Depreciação do Ativo Imobilizado a Partir de 2015

Depreciação do Ativo Imobilizado a Partir de 2015

Depreciação Ativo Imobilizado 2015 - Indice
 

Para o setor contábil o ano de 2015 marca o início de diversas mudanças instituídas pela Lei 12.973 de 2014 que até então não haviam sido implantadas na prática para as empresas. Uma das principais mudanças é em relação a Depreciação do Ativo Imobilizado, seja Econômica ou Fiscal. Por isso, é importante estar atento as regras contábeis vigentes para que os cálculos sejam realizados de acordo com as leis.


Breve Histórico sobre os Registros da Depreciação

Até 2007:

Até 31/12/2007, na contabilidade só era registrada a Despesa com Depreciação Fiscal tendo como parâmetro o Regulamento do Imposto de Renda, Decreto 3.000/1999, art. 305 a 329, aplicando a Tabela de Depreciação, conforme a IN-162/98.

A partir de 2010:

A partir de 2010, todas as empresas, sem exceção, passaram a ser obrigadas a registrar, na contabilidade, a Depreciação Econômica, com base no CPC 27 e não mais pela Depreciação Fiscal, IN-162/98.
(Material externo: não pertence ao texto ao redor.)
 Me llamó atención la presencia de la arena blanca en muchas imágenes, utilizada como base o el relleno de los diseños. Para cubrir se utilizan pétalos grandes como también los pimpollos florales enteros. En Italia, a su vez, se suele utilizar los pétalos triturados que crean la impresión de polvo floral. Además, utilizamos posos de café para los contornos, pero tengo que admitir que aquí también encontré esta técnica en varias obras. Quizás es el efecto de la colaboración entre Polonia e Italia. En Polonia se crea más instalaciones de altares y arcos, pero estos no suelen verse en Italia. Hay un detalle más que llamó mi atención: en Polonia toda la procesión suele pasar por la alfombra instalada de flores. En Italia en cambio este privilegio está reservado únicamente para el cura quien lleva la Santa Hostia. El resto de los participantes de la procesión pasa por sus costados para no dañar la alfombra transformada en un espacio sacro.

A partir de então passou a coexistir a:
  • Depreciação Econômica Estimada para efeitos contábeis.
  • Depreciação Fiscal para efeito de tributação do IR/CSLL, de acordo com o art. 309 do RIR/99 e IN 162/98.

  • Valor do Ativo Imobilizado

    Depreciação Ativo Imobilizado 2015 - ConteúdoEconômica e contabilmente as aquisições são contabilizadas seguindo o princípio do custo de aquisição como base de valor contábil, mas podem ocorrer alterações com base no valor presente do imobilizado, durante a sua vida.
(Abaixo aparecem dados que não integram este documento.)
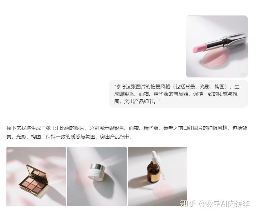 再看化妆品拍摄风格模仿,给张口红图,它能举一反三生成眼影、面霜、精华液的商品照,连背景的干花光影都复刻得一模一样,美妆博主都得狂喜吧!
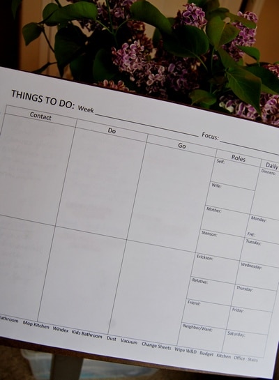 Perhaps my favorite section on my “Things To Do” list is the “Roles” column. It helps me keep in mind what is most important and serves as a reminder of who I need to be helping. I look for ways throughout the week to do something in each of my roles. It is the one section that I try to fill in if it is blank.
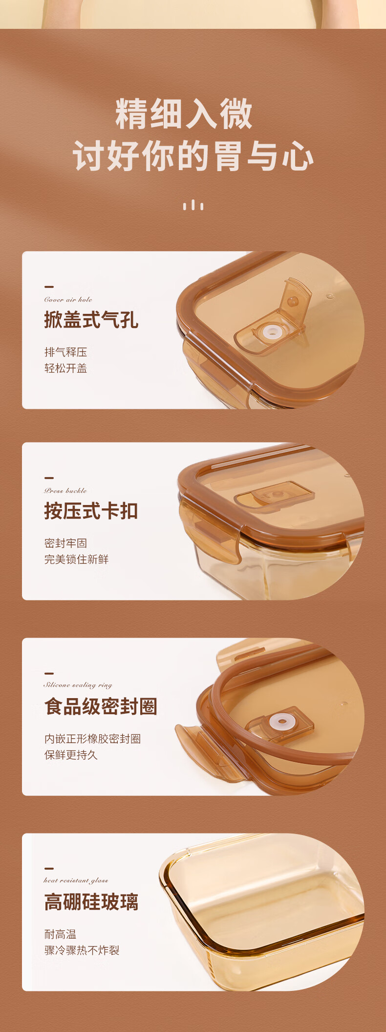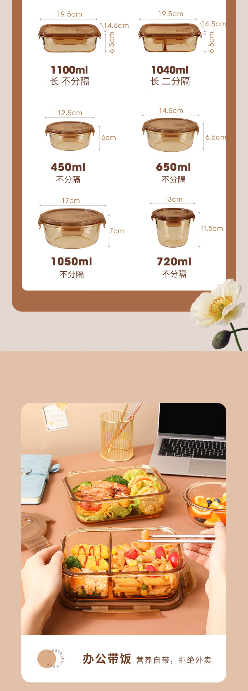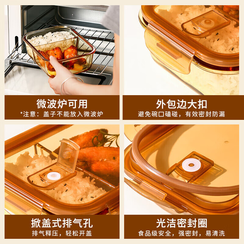 • 商品名称:希乐扣Cilock耐热玻璃饭盒上班族带饭 微波炉可加热保鲜盒保鲜碗便当盒餐盒 琥珀分隔大长/个
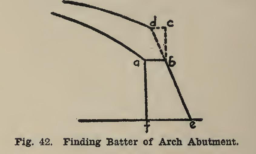 Having computed the proper thickness at the springing, the hatter of the abutment is found as shown in Fig. 42. The thickness a b is laid off; then b c is half the rise, and cd is of the span. This batter is produced downward to the bottom of the abutment, and the point d is joined with the extrados at the crown by a curve. The width of the bottom of must not be less than For example, let the height of the abutment of the second arch in Table 1X be 12 feet. Then the batter on the hack will be 12X3-:-8.25=4.36 feet; and the width of the bottom will be, by the rule, 4.36+2.47=6.83 feet; but the second re quirement makes it necessary to build it % of 12. or S feet wide.

    Fiscalmente, também, as aquisições são contabilizadas seguindo o princípio do Custo de Aquisição como base de valor, para depreciação, durante sua vida, de acordo com o art. 309 do RIR/99, Decreto 3.000/99.

    Coexistência do Valor Econômico e Fiscal:

    A partir de 2010, através da Lei 11.638/2007, as empresas deverão manter controles dos Valores Econômicos Estimados contábeis e dos Valores Econômicos Fiscais, uma para espelhar na contabilidade os valores próximos da realidade econômica do seu Ativo Imobilizado e outro para efeitos fiscais dos cálculos das depreciações e ganhos ou lucros nas vendas, para efeito de tributação do IR/CSLL.
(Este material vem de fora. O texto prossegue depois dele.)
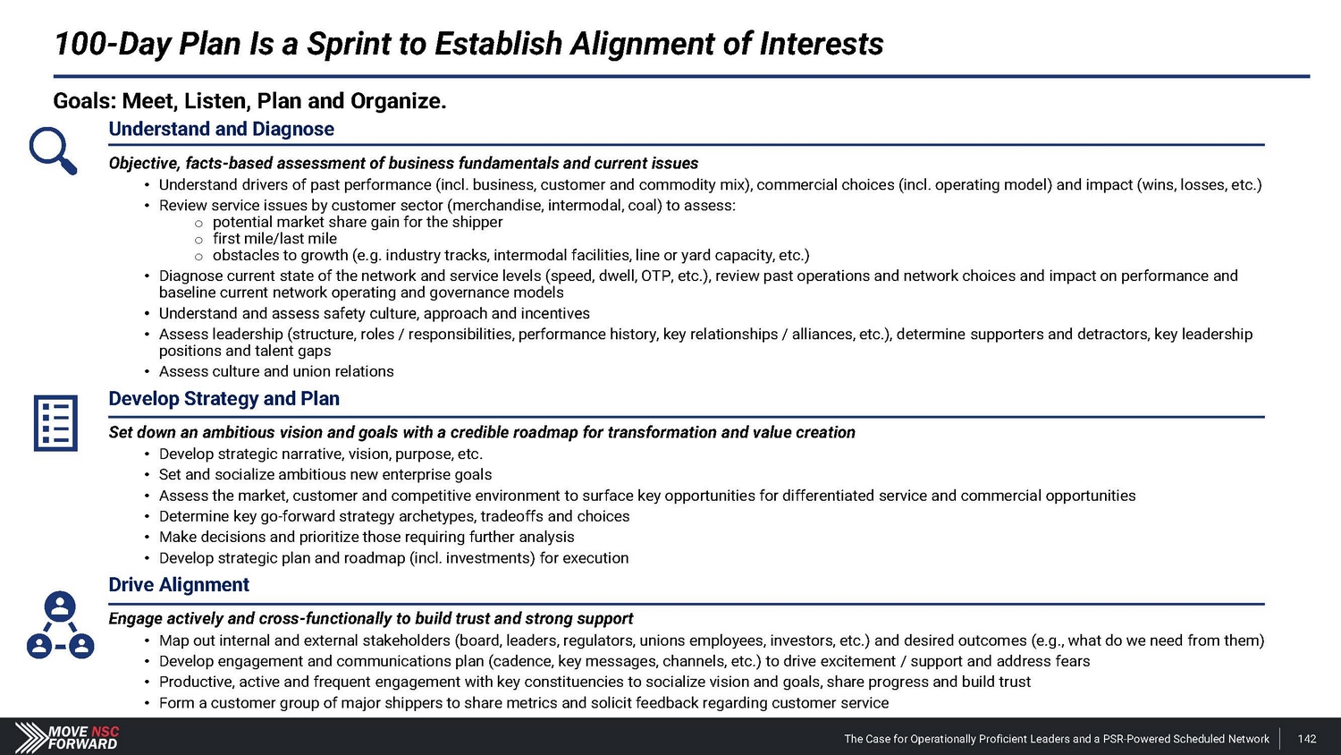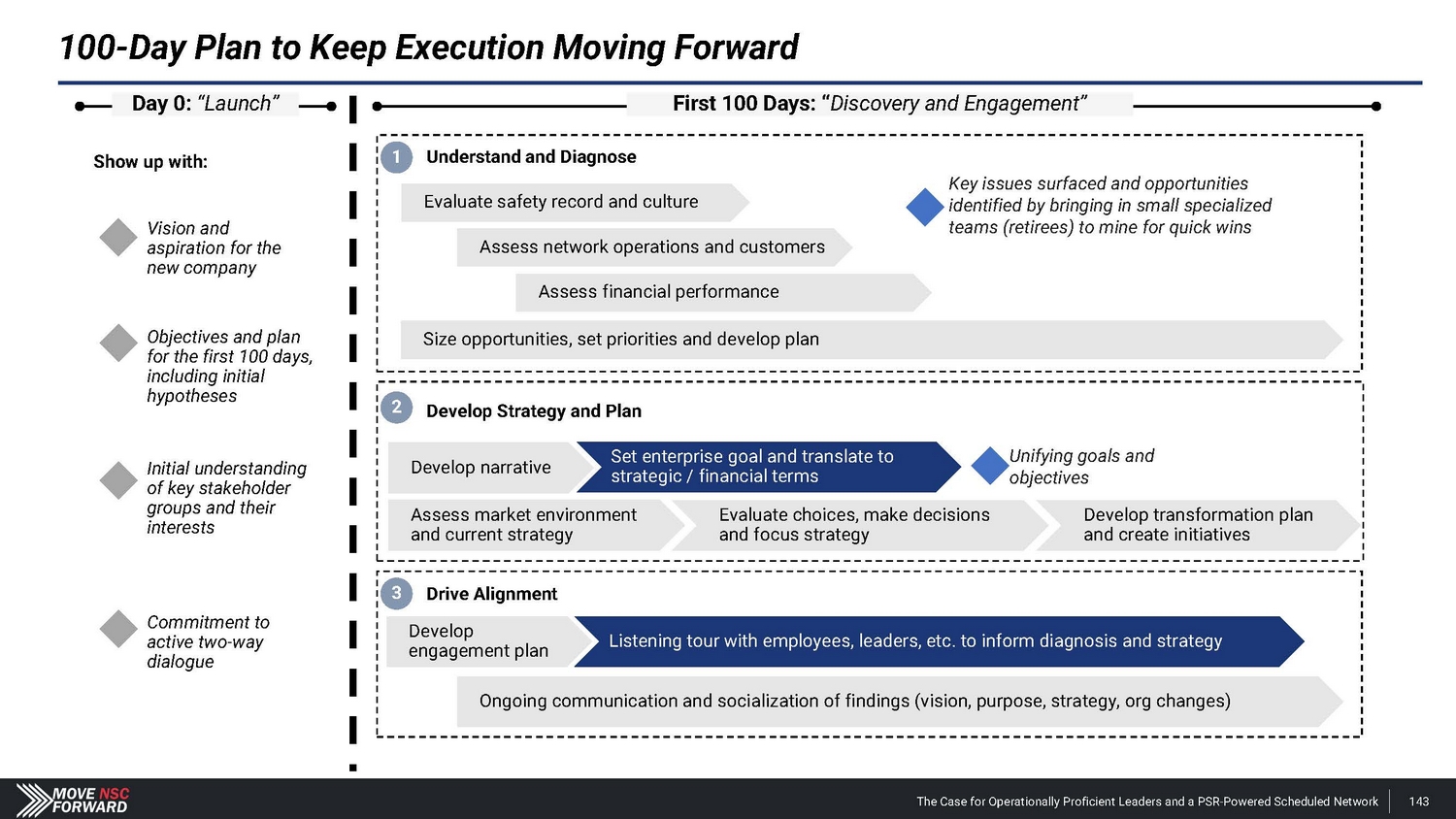 100 - Day Plan to Keep Execution Moving Forward Day 0: “Launch” Key issues surfaced and opportunities identified by bringing in small specialized teams (retirees) to mine for quick wins Objectives and plan for the first 100 days, including initial hypotheses First 100 Days: “ Discovery and Engagement” Assess network operations and customers Assess financial performance Size opportunities, set priorities and develop plan Develop narrative 1 Understand and Diagnose Evaluate safety record and culture 2 Develop Strategy and Plan 3 Drive Alignment Vision and aspiration for the new company Commitment to active two - way dialogue Initial understanding of key stakeholder groups and their interests Listening tour with employees, leaders, etc. to inform diagnosis and strategy Develop engagement plan Assess market environment and current strategy Set enterprise goal and translate to strategic / financial terms Unifying goals and objectives Evaluate choices, make decisions Develop transformation plan and focus strategy and create initiatives Ongoing communication and socialization of findings (vision, purpose, strategy, org changes) Show up with: The Case for Operationally Proficient Leaders and a PSR - Powered Scheduled Network 143

    Obs: Afirmei que vão coexistir as duas depreciações paralelamente, a partir de 2010.


    Como fica em 2015: Depreciação Econômica e Fiscal

    A partir de 2015, por força da Lei 12.973 de 2014, na contabilidade, é registrada a Depreciação Econômica Estimada de acordo com CPC 27, e para efeito fiscal deve-se considerar a Depreciação Fiscal com base na IN-162/98, ou seja, para efeito de apuração do Lucro Real.

    Com esses procedimentos a empresa deverá administrar essas duas depreciações, dos seus valores residuais e finalmente apuração do lucro contábil e fiscal, separadamente, quando da venda de imobilizado e a respectiva baixa.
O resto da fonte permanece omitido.